Company She Keeps versus A Country Place is that, no matter how many times McCarthy changes

the narrator’s point of view, readers are continually guided through, let into the story by her humor, which Carol Batker thoroughly examines in Playing Smart. Chapter titles like “A Portrait of the Intellectual as a Yale Man,” which follows the coming of age of a pretentious, quasi-celebrity culture critic, serve as a clear signal to the well-read among McCarthy’s audience who might be familiar with James Joyce’s autobiographical work. According to Batker, such antimodernist asides and the “wit” with which she deployed them folded her into midcentury middlebrow culture (146). In The Company She Keeps, McCarthy skewers the

pretensions of the American intelligentsia through her characters’ droll, semi-ironic

conversations about communism, poetry, and war, and the reader is always in on the joke.

Sarcastic capitalization in passages such as “She and the Young Man began to tell each other in breathless and literary style that The Situation Was Impossible, and Things Couldn’t Go On This Way Any Longer” (7) lets readers in, inviting them to laugh at the expense of the characters.

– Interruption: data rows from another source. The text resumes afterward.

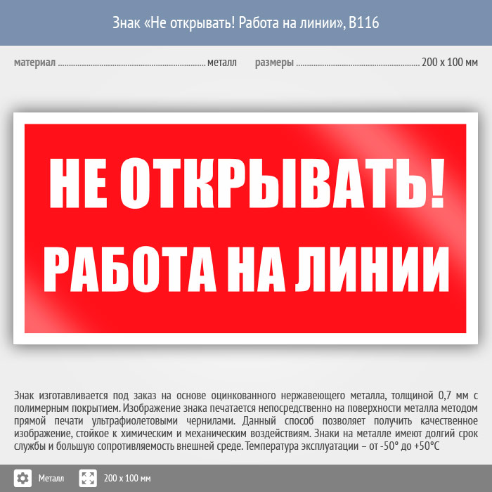 Знак «Не открывать! Работа на линии», B116 (металл, 200х100 мм) в Хотьково купить
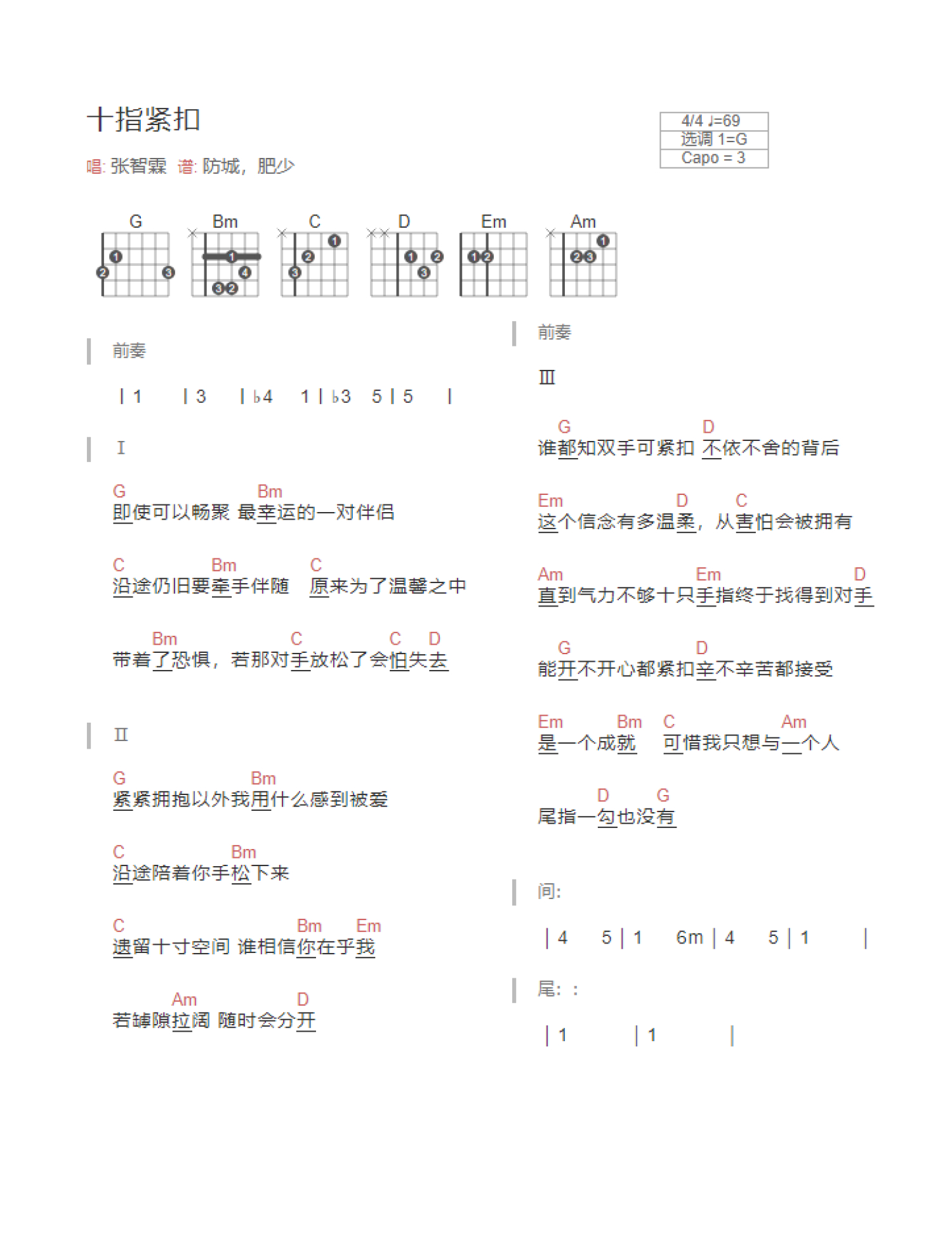 曲谱介绍: G调版张智霖《十指紧扣》吉他和弦弹唱谱
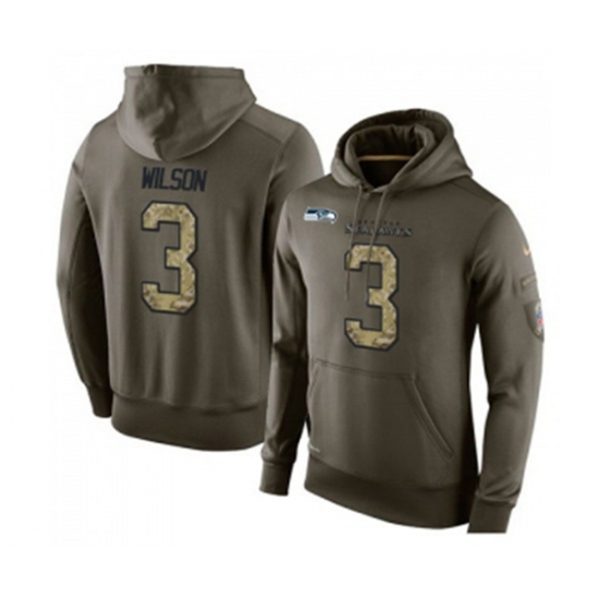 Seattle Seahawks #3 Russell Wilson Green Salute To Service Pullover Hoodie
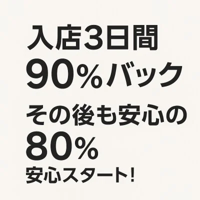 もちろん3日間だけで終わりではありません。その後も安定の80%バックを継続。短期でしっかり稼ぎたい方も、長期で安定して働きたい方も安心です。
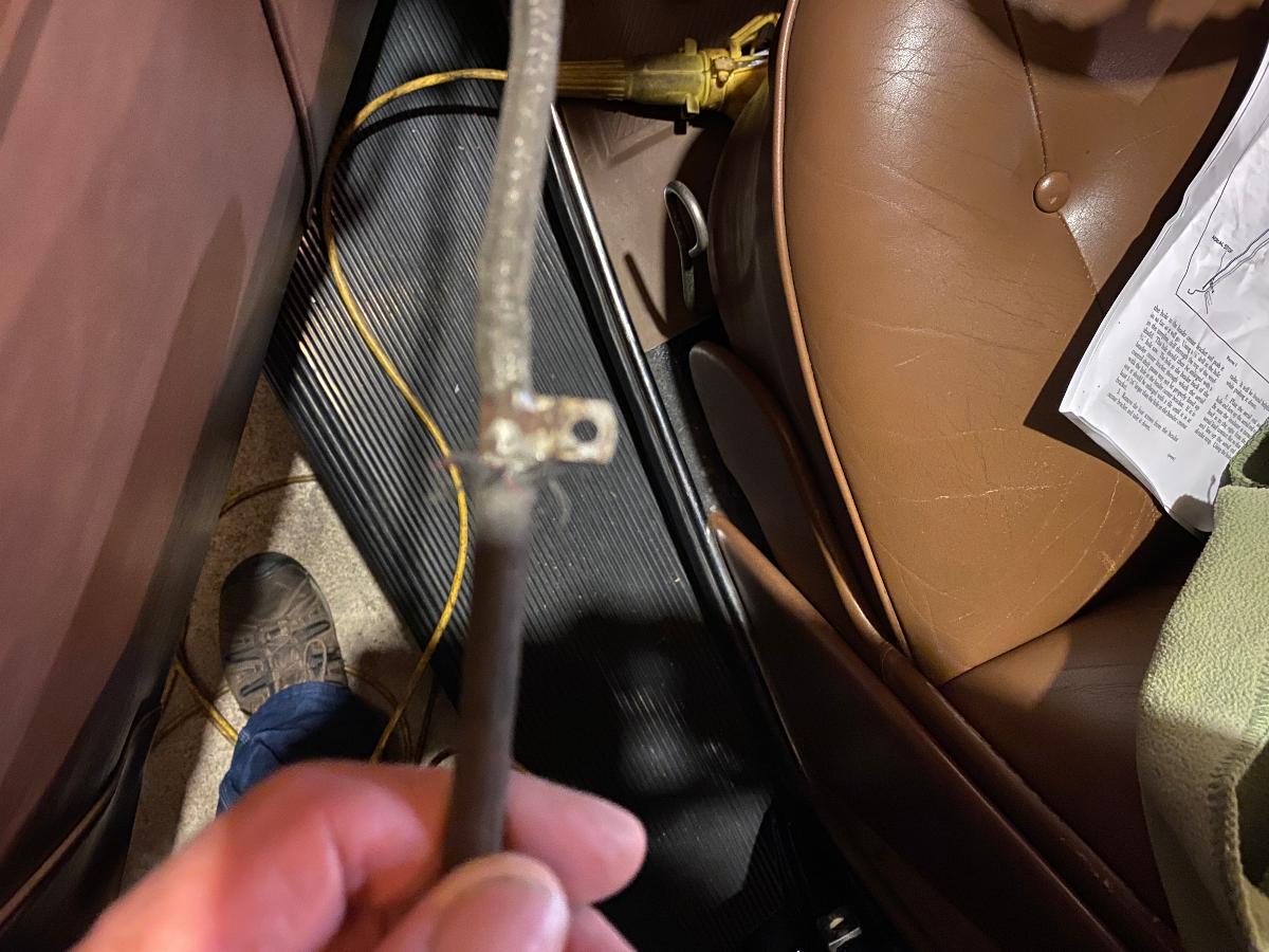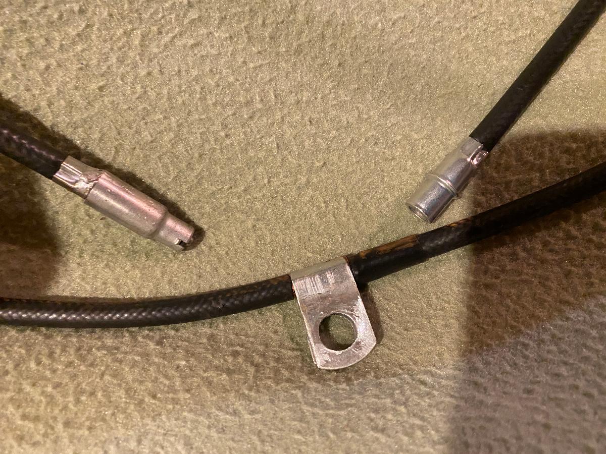 Alan, I had to look up A pillar and I see no difference between A pillar and windshield pillar in reference to my car. It has but one front (winshield) pillar, one removable B pillar, and that is it. Remember it is a convertible. It has no vent windows which might entail another pillar. The coax is long enough. The pictures are left, the replacement cable, and right, the original cable that I cannot get out because it's (antenna) end will not go between the two metal pieces (dash & firewall or support?) which I cannot picture. Dennis Carpenter says that their kit is exactly the same as the Ford original, although the grounding lug is a bit larger. But this is not my first problem. The end, even of the old cable, will not come out between the crack between dash and other metal piece. The new cable is slimmer because it is plastic coated modern coax, but the ends are about the same.
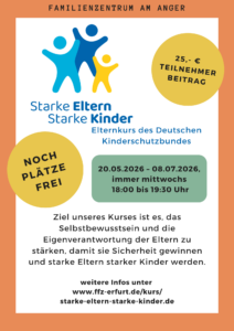 am 20. Mai 2026 startet der Elternkurs des Deutschen Kinderschutzbundes bei uns: Starke Eltern – Starke Kinder. Bei insgesamt 8 Terminen, haben Eltern die Möglichkeit den autoritativen Erziehungsstil kennenzulernen, ihr Selbstbewusstsein zu stärken und an Sicherheit im Umgang mit ihren Kindern zu gewinnen. Der Kurs hilft, Kinder besser zu verstehen, gelassener zu reagieren und Herausforderungen wie Stress oder Konflikte zu bewältigen.
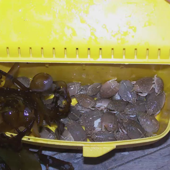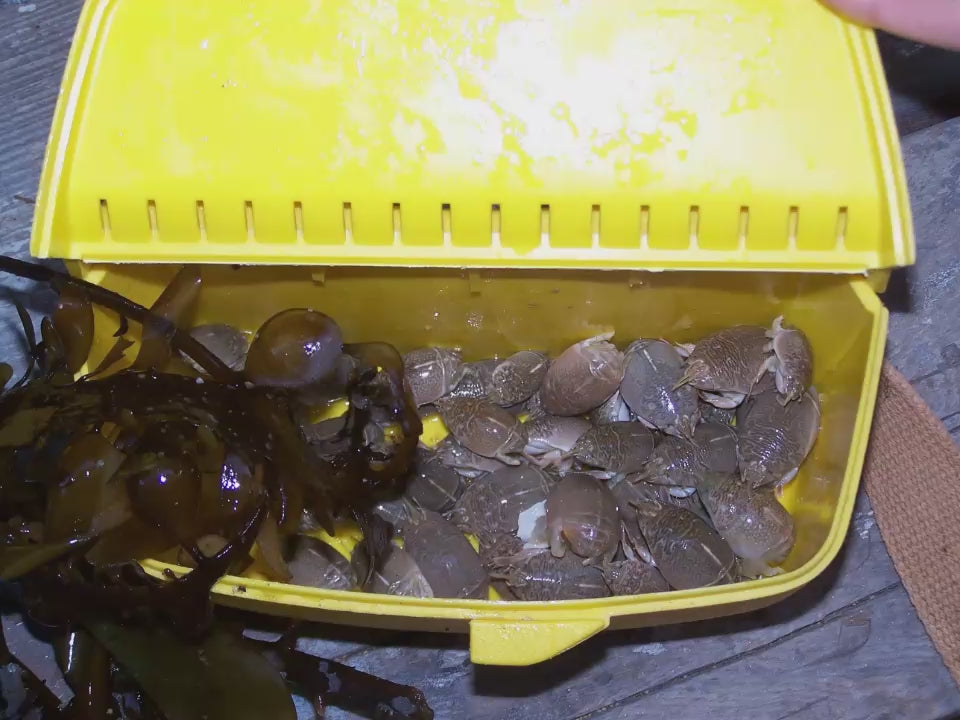2. Keep crabs in a plastic container with a moist piece of kelp over them. They need to keep cool and wet.

Petry’s novel, by contrast, keeps readers out. The obvious unreliability of the semi-omniscient first-person narrator creates distance rather than closeness; it puts readers in the uneasy position of not knowing who the fool is. What reviewers interpreted as “illogic” in Petry’s novel may actually have been a direct challenge to readers’ perceptions of the neutrality of whiteness and maleness. Despite his confidence in himself as a dispassionate observer, readers see that he doesn’t have the insight—or authority—that he claims his “average”-ness gives him, where “average” is further broken down into white, male, and “having a prejudice

against women” (1). By contrast, the antiracism in McCarthy’s novel affirms racially privileged perceptions of how race and racism work; scenes depict white elitists casually tossing out racial slurs, and the jaded white protagonist is herself prone to uncharitable ruminations on nonwhite people as monolithic groups, but their bigotry is presented as yet another iteration of their foolish arrogance by a winking omniscient narrator sharing an eyeroll with readers, as if the nonsense of systemic racism has been well-mastered by the intelligent general interest reader who bought McCarthy’s books. Petry forecloses the possibility for white—for any—readers to align themselves with her through her anti-narrator. But prompting skepticism of an obviously weak narrator who cites only his constituent identity markers as his qualifications in A Country Place has implications for the proliferation of other, similar narrators—say, a narrator like Nick

Carraway and his opening treatise on his credentials as an objective observer of the intrigue that plagued the supposedly less-average people around him. Though A Country Place could be considered a failure of middlebrowism, the conditions and process of its failure reveal much about what postwar middlebrow audiences found important—for what Petry got wrong was that ever-important balance between criticism and affirmation of the American middle class.